_Aim of the exercise_
Using the records below, copy exactly the part that opens with the line holding "7月29日,清华常江在微博展示了一位性侵受害者叙述的经历,并附评论——" and closes with the line holding "立體花壇采用仿真植物材料,制", minus the pictures.

_Source data_

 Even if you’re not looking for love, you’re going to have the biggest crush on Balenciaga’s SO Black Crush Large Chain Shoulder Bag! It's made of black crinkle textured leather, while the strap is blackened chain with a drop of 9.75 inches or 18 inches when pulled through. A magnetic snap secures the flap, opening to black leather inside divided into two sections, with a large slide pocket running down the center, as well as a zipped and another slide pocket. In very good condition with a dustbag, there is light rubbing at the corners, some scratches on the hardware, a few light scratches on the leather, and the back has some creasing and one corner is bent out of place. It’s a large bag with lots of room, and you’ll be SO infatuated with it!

---

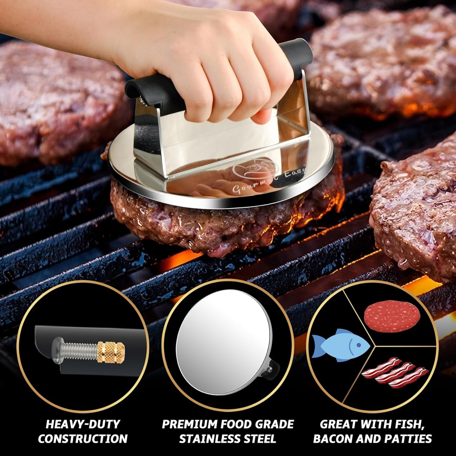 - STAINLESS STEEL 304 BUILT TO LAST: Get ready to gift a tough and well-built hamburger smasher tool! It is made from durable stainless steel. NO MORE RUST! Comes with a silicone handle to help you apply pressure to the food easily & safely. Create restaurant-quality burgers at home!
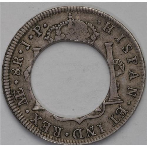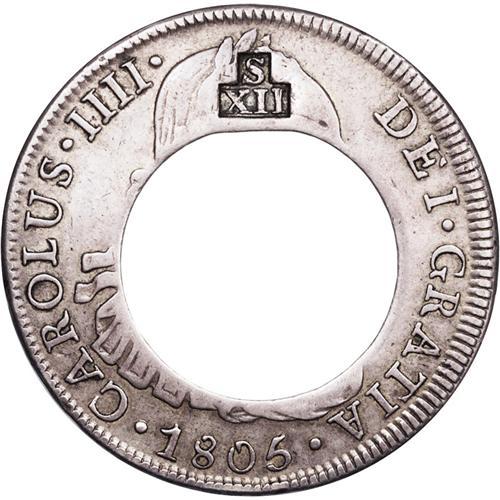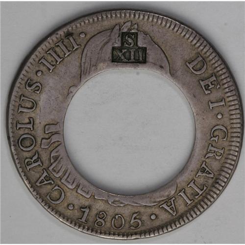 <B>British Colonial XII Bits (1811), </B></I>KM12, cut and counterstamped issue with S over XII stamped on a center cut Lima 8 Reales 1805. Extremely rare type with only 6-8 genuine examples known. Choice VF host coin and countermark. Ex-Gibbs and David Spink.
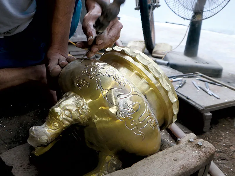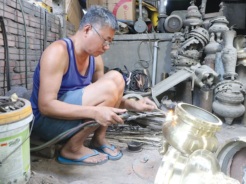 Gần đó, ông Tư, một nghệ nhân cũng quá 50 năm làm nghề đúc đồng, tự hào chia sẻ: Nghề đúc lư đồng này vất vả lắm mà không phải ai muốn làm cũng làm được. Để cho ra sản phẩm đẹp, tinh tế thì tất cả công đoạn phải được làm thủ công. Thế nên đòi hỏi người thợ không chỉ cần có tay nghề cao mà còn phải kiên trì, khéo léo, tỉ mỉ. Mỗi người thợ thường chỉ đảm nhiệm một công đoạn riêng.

...

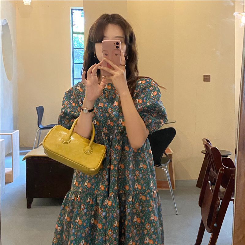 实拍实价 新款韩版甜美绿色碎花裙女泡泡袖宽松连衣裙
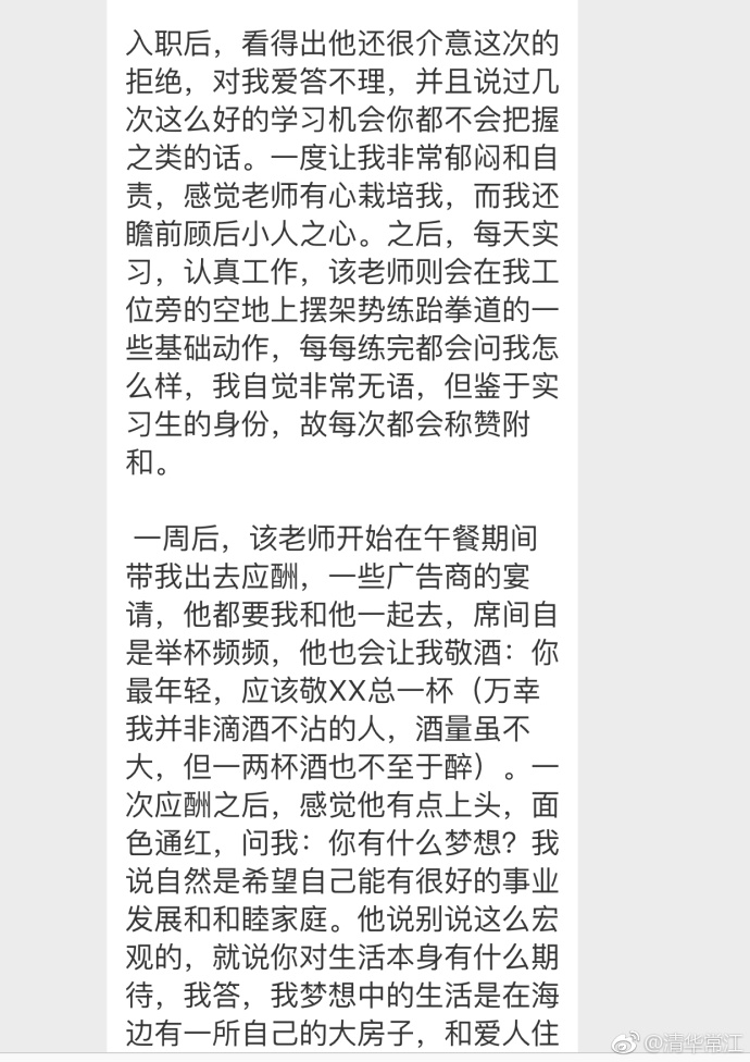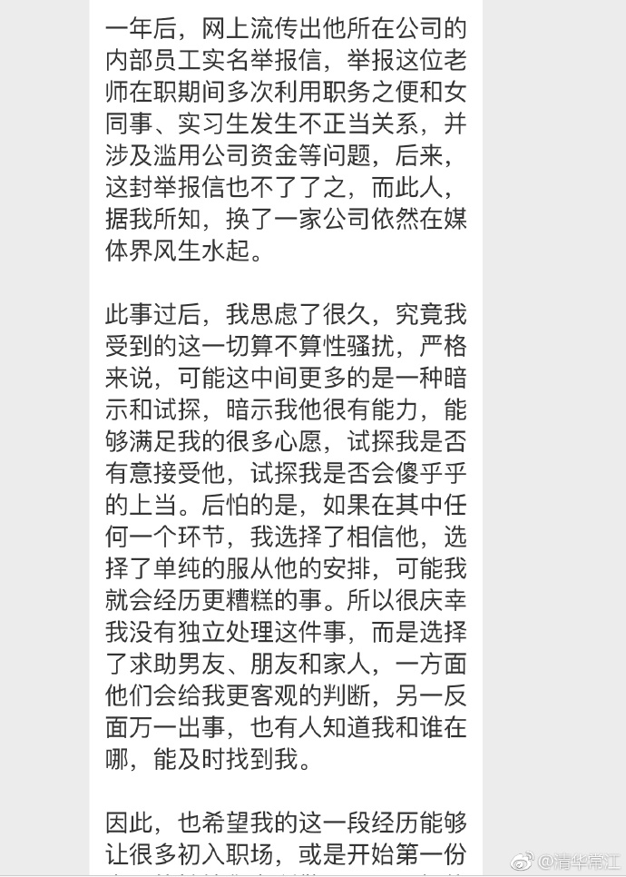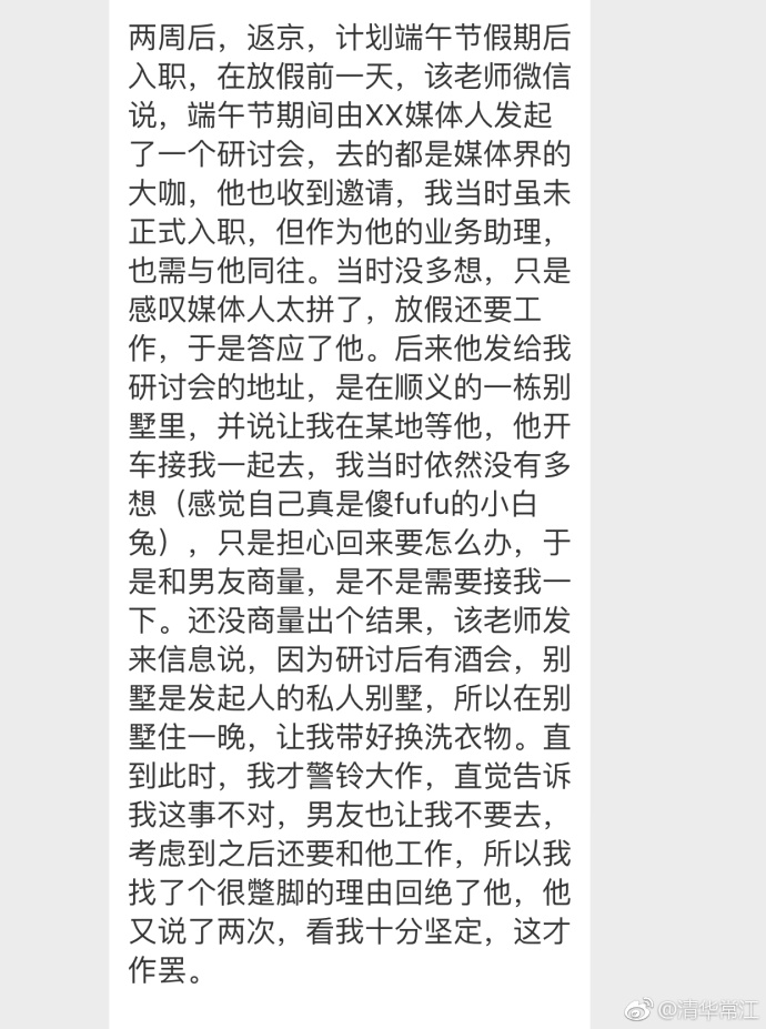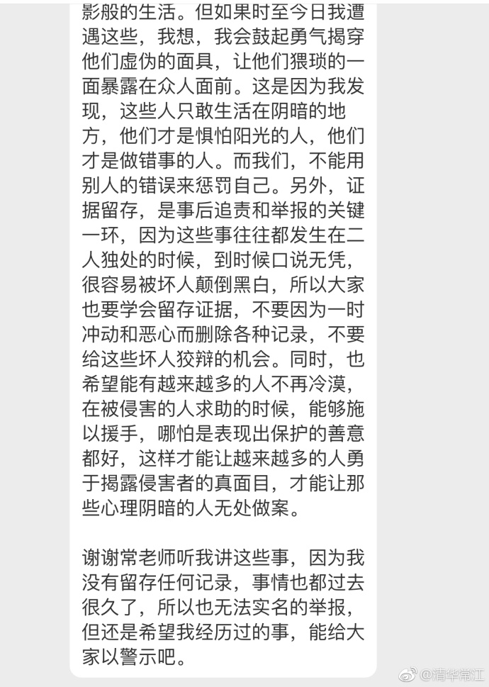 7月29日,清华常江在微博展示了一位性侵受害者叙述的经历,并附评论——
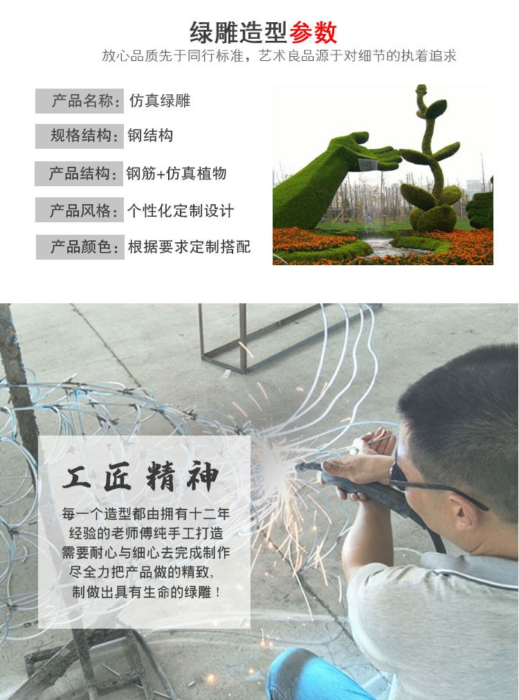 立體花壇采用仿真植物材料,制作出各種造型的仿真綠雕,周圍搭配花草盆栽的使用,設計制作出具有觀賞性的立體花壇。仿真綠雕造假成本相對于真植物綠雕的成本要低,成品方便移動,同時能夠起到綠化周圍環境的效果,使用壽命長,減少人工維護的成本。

_Solution_
 7月29日,清华常江在微博展示了一位性侵受害者叙述的经历,并附评论——
 立體花壇采用仿真植物材料,制作出各種造型的仿真綠雕,周圍搭配花草盆栽的使用,設計制作出具有觀賞性的立體花壇。仿真綠雕造假成本相對于真植物綠雕的成本要低,成品方便移動,同時能夠起到綠化周圍環境的效果,使用壽命長,減少人工維護的成本。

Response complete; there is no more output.